Z metali tych najpóźniej, bo na początku XIX wieku, wyodrębniony został lit, który znalazł zastosowanie w mechanice, a później elektryce. Jedynie grafit, który jest jedną z odmian węgla, zdarza się napotkać w przyrodzie w wyodrębnionej postaci.
Wszystkie te minerały spotykają się w najnowocześniejszych obecnie – najtrwalszych i nadających się do szybkiego ponownego ładowania, a jednocześnie lekkich – litowo-jonowych bateriach elektrycznych. Takie właśnie ogniwa przydatne są jako źródło energii nie tylko w przenośnych urządzeniach elektronicznych, jak telefony komórkowe, notebooki czy tablety, ale przede wszystkim nadają się do napędu samochodów elektrycznych.
O największym uzależnieniu świata od jednego tylko źródła zaopatrzenia można mówić właśnie w przypadku kobaltu. Połowa udokumentowanych jego globalnych zasobów – 3,4 mln ton – znajduje się w Demokratycznej Republice Kongo. Znacznie mniejszymi złożami tego metalu dysponują Australia i Kuba.
W Demokratycznej Republice Konga (DRK) pozyskuje się niemal 70 proc. światowej produkcji kobaltu używanego w bateriach litowo-jonowych stosowanych w telefonach komórkowych, laptopach i samochodach elektrycznych.
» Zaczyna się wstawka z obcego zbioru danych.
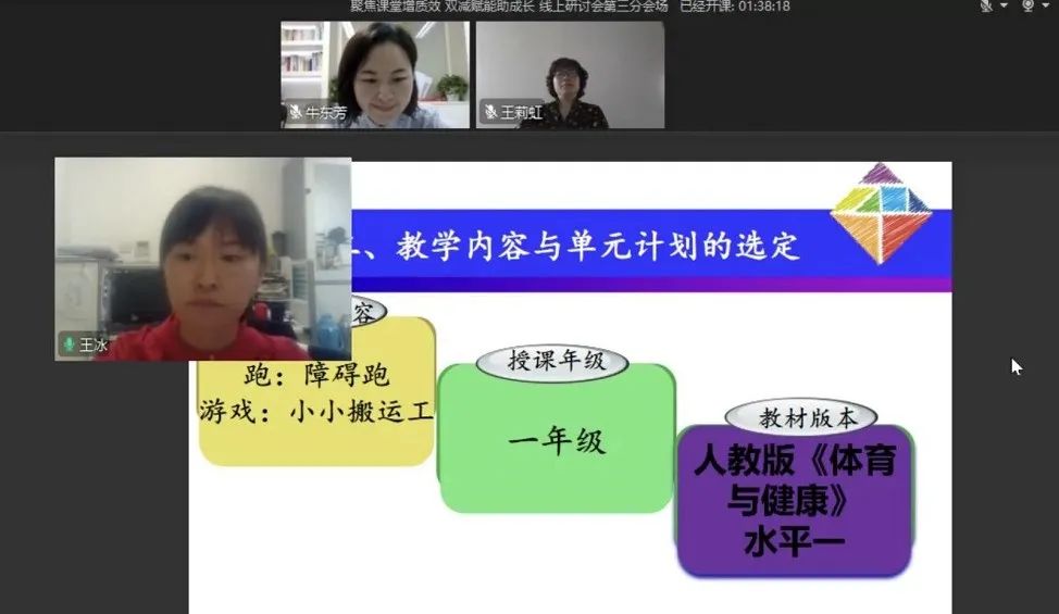 王冰老师:《障碍接力跑》充分考虑低年级学生特点,创设情境增加趣味性,将“情境、游戏、比赛融入教学全过程。以赛促学,熟练动作,巩固技术,提高练习的积极性,实现课堂教学“学、练、赛”一体化课堂。收拾器材转化为小游戏小比赛,培养学生积极的劳动态度。
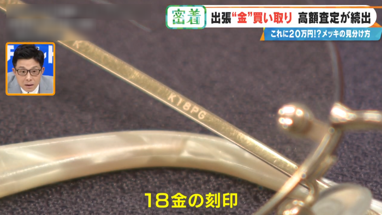 このように、一見すると価値が分かりにくいお品物でも、実は金が使われているケースが多くございます。番組では、「本物の金とメッキの見分け方」についても詳しく解説いたしました。
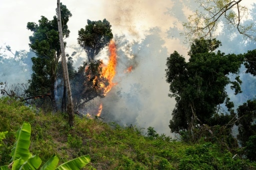 Ironi Bé (France) (AFP) – Sur la route nationale 2 à Ironi Bé, dans l’est de Mayotte, un épais nuage de fumée enveloppe les voitures. En contrebas, des flammes issues d’un brûlis grignotent arbres et buissons. Les alizés les attisent sur une végétation fragilisée par le cyclone Chido.
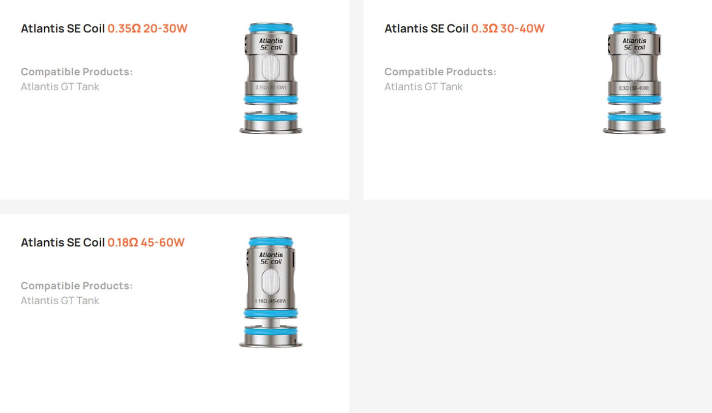 Each resistance is optimised for its stated range. Starting at the lower end allows new coils to properly saturate before gradually increasing to your preferred output. The Atlantis GT's swappable airflow bases (1mm, 1.5mm, 1.2mm inlet diameters) further customise draw characteristics across all three coil types.
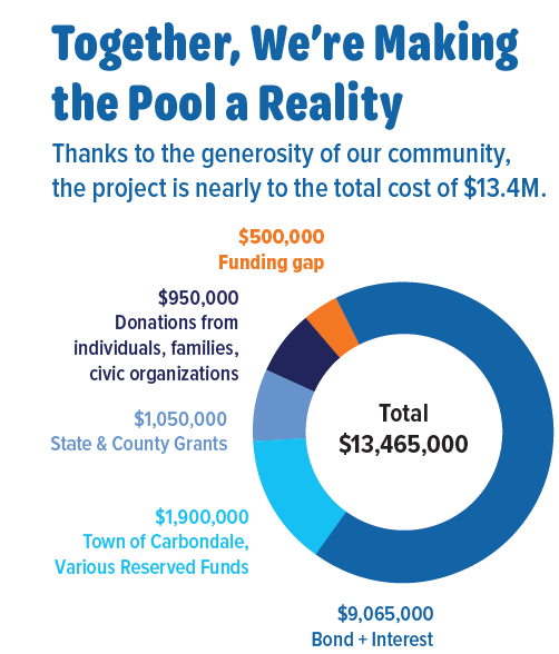 • $1,000+ donation to get your name on the recognition wall that will be at the entrance of the pool

W DRK dorośli i dzieci wydobywają kobalt gołymi rękami, zarabiając dolara dziennie.
Według różnych szacunków od 25 do 40 proc. kobaltu w DRK wydobywane jest w takich nieformalnych kopalniach. Reportaż Amnesty International (AI) pokazuje jedną z nich: 60-70-metrowy tunel znajduje się pod podłogą dawnej kuchni, a schodzący w dół górnicy nie mają specjalistycznych narzędzi czy odzieży ochronnej, nie noszą również masek.
Rzemieślnicze i niskoprzemysłowe kopalnie zatrudniają około 12 milionów osób, czyli ponad 13 proc. populacji kraju. Większość z nich zajmuje się pozyskiwaniem niklu i miedzi oraz będącego produktem ubocznym ich wydobycia kobaltu.